Research Statement
My research focuses on the intersection of computational linguistics and formal morphology. By combining quantitative methods with theoretical insights, I aim to model the complex architecture of inflectional and derivational morphology and word formation, specifically on Czech.
This interdisciplinary approach allows me to investigate morphological predictability of forms, paradigms and/or meanings, contributing to both the development of robust NLP resources and a deeper understanding of linguistic theory.
Research Areas
Morphology
I work on morphology (both inflectional and derivational) with a focus on computational approaches to predictability in morphological paradigms and semantics in general.
Computer lexicography
I develope several language resources and tools focused on morphology and word formation, but not exclusively.
Computational Linguistics
I exploit natual language processing (NLP), large language models (LLM), statistics, and machine learning to deal with the (large) language data.
Current Projects
Computational approach to predictability in morphology: Evidence from Czech
Type: Dissertation Thesis (in progress)
I study morphological paradigms and their coherence and predictability in morphology on the basis of Czech language data.
Past Projects
A data-based approach to competition in word-formation
Type: START Research Programme, CUNI (principal investigator, 2021-2023)
Link: Project website
I researched competition in word-formation processes and means employed to express the meanings of diminutiveness and gender marking in seven European languages.
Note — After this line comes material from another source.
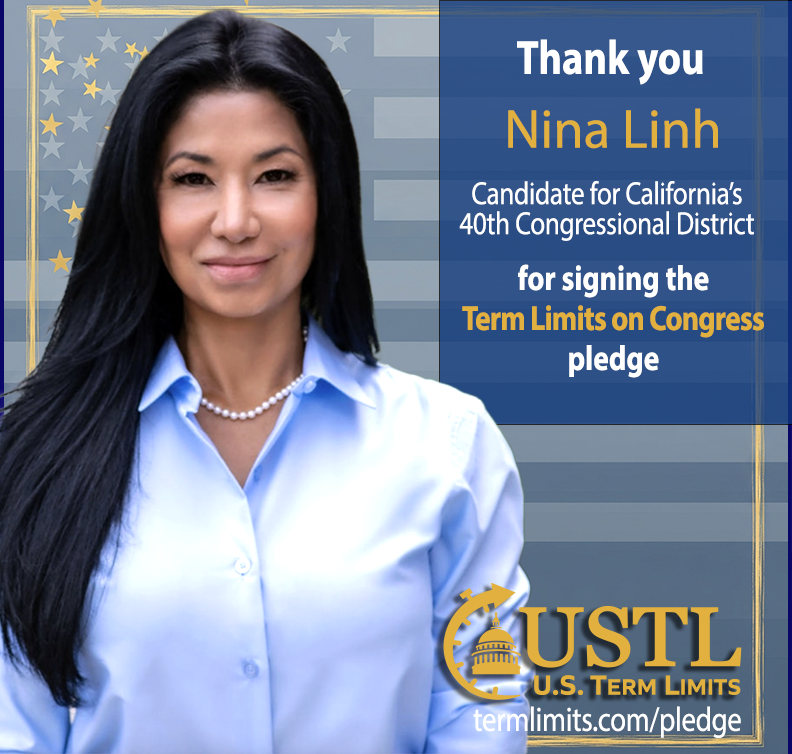 Washington D.C. – U.S. Term Limits (USTL), the leader in the non-partisan national movement to limit terms for elected officials, praises 2026 U.S. House of Representatives candidate for California, Nine Linh (district 40), for signing the pledge for an amendment to term limit Congress. Previously, candidates Esther Varet, Joe Kerr and Incumbent Rep. Young Kim also signed the pledge.

Word-formation structure of Czech words
Type: GAČR Grant, CUNI (team member, 2019-2021)
Link: Project website
I focused on linguistic research into the word-formation structure of Czech words. We used specialised language resources, tools and large corpora of Czech.
Derivational networks for multiple languages
Type: GAUK Grant, CUNI (team member, 2019-2021)
Link: Project website
With Jonáš Vidra and Tomáš Musil, we focused on developing derivational networks for multiple languages using machine learning and cross-linguistical transfer of knowledge.
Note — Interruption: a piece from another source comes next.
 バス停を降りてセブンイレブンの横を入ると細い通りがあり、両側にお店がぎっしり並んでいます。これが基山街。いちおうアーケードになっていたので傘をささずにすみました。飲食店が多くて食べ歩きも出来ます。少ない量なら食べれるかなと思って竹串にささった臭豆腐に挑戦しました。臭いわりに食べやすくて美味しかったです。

Harmonised collection Universal Derivations
Type: Master Thesis (2020)
I created a collection of harmonised lexical networks capturing word-formation in a cross-linguistically consistent annotation scheme for many languages.
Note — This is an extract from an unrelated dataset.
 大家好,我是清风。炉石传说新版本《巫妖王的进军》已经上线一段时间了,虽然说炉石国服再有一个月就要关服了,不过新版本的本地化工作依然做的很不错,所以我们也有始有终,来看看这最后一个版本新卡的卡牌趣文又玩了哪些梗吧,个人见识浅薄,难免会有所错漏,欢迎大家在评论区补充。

Semantic labels into DeriNet
Type: Student's Faculty Grant, CUNI (principal investigator, 2019)
Link: GitHub repository
I carried out first experiments with labelling of derivational meanings in Czech DeriNet using machine learning methods. As a result, the database contains five labels since its version 2.0.
Foreign words recognition
Type: Student's Faculty Grant, CUNI (principal investigator, 2018)
Link: GitHub repository
I developed a rule-based tool for the recognition of borrowed/foreign/loan words in the Czech language. Used rules are based on the study of so far published linguistic papers.
Mutual Intelligibility between West-Slavic languages
Type: Bachelor Thesis (2017)
With Jiří Haviger, we focused on measurement of mutual intelligibility between West-Slavic languages, especially using conditional entropy and methods from the field of dialectometry.